Royal Trux müssen sich diesbezüglich nichts vorwerfen, sie haben dem Unreinen in ihrer Musik immer Platz gegeben, sogar dem Junk der Junkies. Denn Jennifer Herrema und Neil Hagerty haben sich zu Beginn ihrer Karriere mit Royal Trux nicht nur theoretisch für verbotenen Stoff interessiert. Ende der 1980er-Jahre war das, das Duo auch privat ein Paar.

Als solches sind sie längst Geschichte, von Royal Trux dachte man dasselbe, doch nach fast zwei Jahrzehnten ist nun ein neues Album erschienen: White Stuff.

Der Titelsong des neuen Albums von Royal Trux. Sexy.
Pitchfork

Der Titel ist wertkonservativ gewählt und evoziert, dass gewisse Gewohnheiten selbst mit fast 50 Jahren noch nicht überwunden sind. Aber beim Thema ungesund altern ist Keith Richards immer als Ausrede gut; und der gilt bei Royal Trux als Hausheiliger. Außerdem ist das Album sehr gut.

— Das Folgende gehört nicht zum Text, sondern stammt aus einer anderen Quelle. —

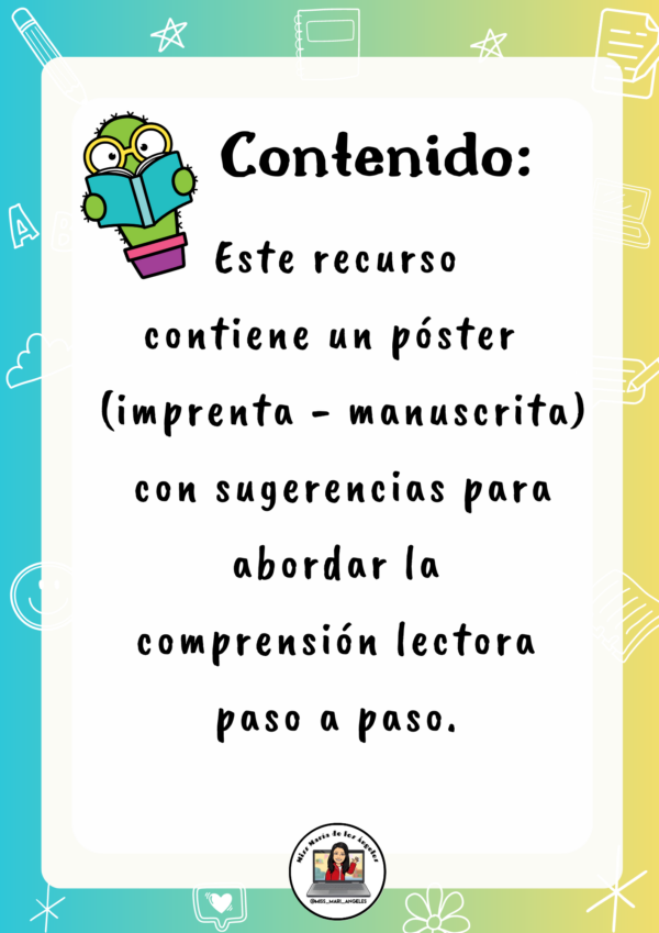 👍 En este recurso encontrarás una serie de pasos que yo utilizo junto a mis estudiantes acompañando su proceso de lectura comprensiva.

Nicht grindig, bloß räudig

Für Royal Trux’sche Verhältnisse ist es nachgerade geschniegelt ausgefallen. Das bedeutet, es klingt nicht zerschossen, ramponiert und grindig, sondern bloß räudig. Lässig räudig. Was das Image betrifft, ist sich dieser Trash-Adel treu geblieben, muss ja. Adel verpflichtet, heißt es, und sei er noch so niedrigen Standes.

Herrema hält an ihrem Trailerpark-Chic fest wie ihre Hand die Bierdose: Stirnfransen bis zur Nase, Tschick, Baseballjacke, obendrauf eine Kappe aus Bad America. Die letzten Jahre betrieb sie die Band Black Bananas, Hagerty die Gruppe Howling Hex.

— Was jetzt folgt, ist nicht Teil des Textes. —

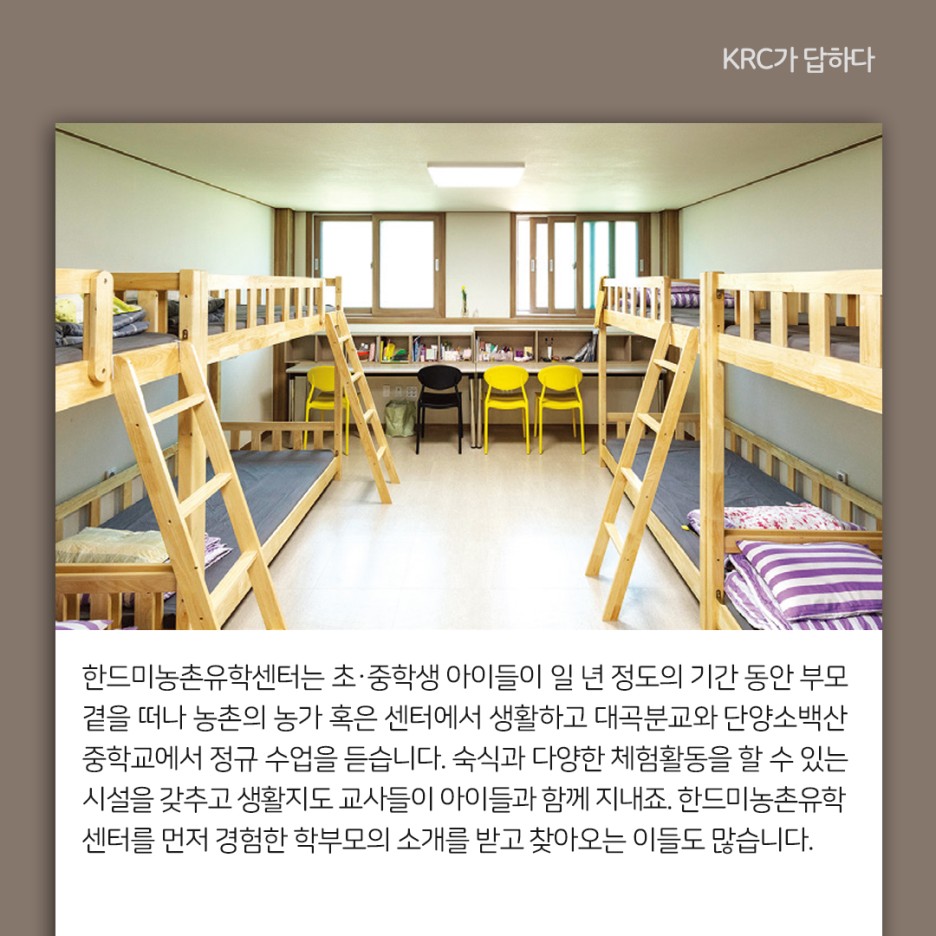 한드미농촌유학센터는 초·중학생 아이들이 일 년 정도의 기간 동안 부모 곁을 떠나

Royal Trux sind auf den Hund gekommen? Nicht doch. Year Of The Dog.
Fat Possum Records

Royal Trux kamen ursprünglich aus Washington D.C. und haben die Rolling Stones mit dem Lärmrock der 1980er-Jahre vermählt. Dazu verwendeten sie Charakteristika aus dem Blues, Boogie und Funk, aber alles mutwillig entstellt, und von Herremas angewidertem Gesang in eine Atmosphäre verpflanzt, in der der Sodbrand niemals nachlässt.

Im Goldrausch unter Vertrag genommen

Für die dazu passende Musik ist Neil Hagerty verantwortlich. Der war vor Royal Trux bei Pussy Galore, einer Trümmerpunk-Band, aus der später die Jon Spencer Blues Explosion entstand. Im Goldrausch nach dem kommerziellen Durchbruch von Nirvana und Co angelte sich Virgin Records in den mittleren 1990ern-Jahren Royal Trux. Eine Million Dollar sollen damals über den Tisch gewandert sein, drei Alben sollte das berüchtigte Duo dafür abliefern, zwei sind es geworden.

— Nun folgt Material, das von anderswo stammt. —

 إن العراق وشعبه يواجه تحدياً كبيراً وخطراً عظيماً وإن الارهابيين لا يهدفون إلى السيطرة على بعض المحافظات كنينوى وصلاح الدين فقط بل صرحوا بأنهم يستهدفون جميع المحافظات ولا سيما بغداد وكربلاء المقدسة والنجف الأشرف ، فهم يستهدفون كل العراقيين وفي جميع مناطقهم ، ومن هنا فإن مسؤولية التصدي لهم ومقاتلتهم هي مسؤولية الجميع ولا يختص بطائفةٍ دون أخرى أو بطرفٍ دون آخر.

Möglicherweise ein autobiografischer Song, aber was weiß man? Suburban Junkie Lady.
Royal Trux - Topic

Zu der Zeit galten Hagerty und Herrema als ein Paar Made in Rock’n’Roll-Heaven. Ihr verwahrloster Stil konvenierte mit dem Zeitgeist, angeblich clean, modelte Herrema ein paar Jahre für Calvin Klein, kokettierte aber immer mit der Versuchung: Es gibt ein Bild von ihr, da trägt sie ein T-Shirt mit dem Spruch "I didn’t go to highschool, I went to school high".

Kool Keith sagt "Hallo!"

Dazu passend heißt eines der neuen Lieder Suburban Junkie Lady. Wie autobiografisch das ist, weiß man nicht, dem zäh groovenden Song steht die Katerstimmung aber gut an. Diverses Gefiepse und verhalten eingesetzte elektronische Beats bereiten in Get Used To This den Boden für einen Gastauftritt des exzentrischen Rappers Kool Keith, erschienen ist das Album am Label Fat Possum.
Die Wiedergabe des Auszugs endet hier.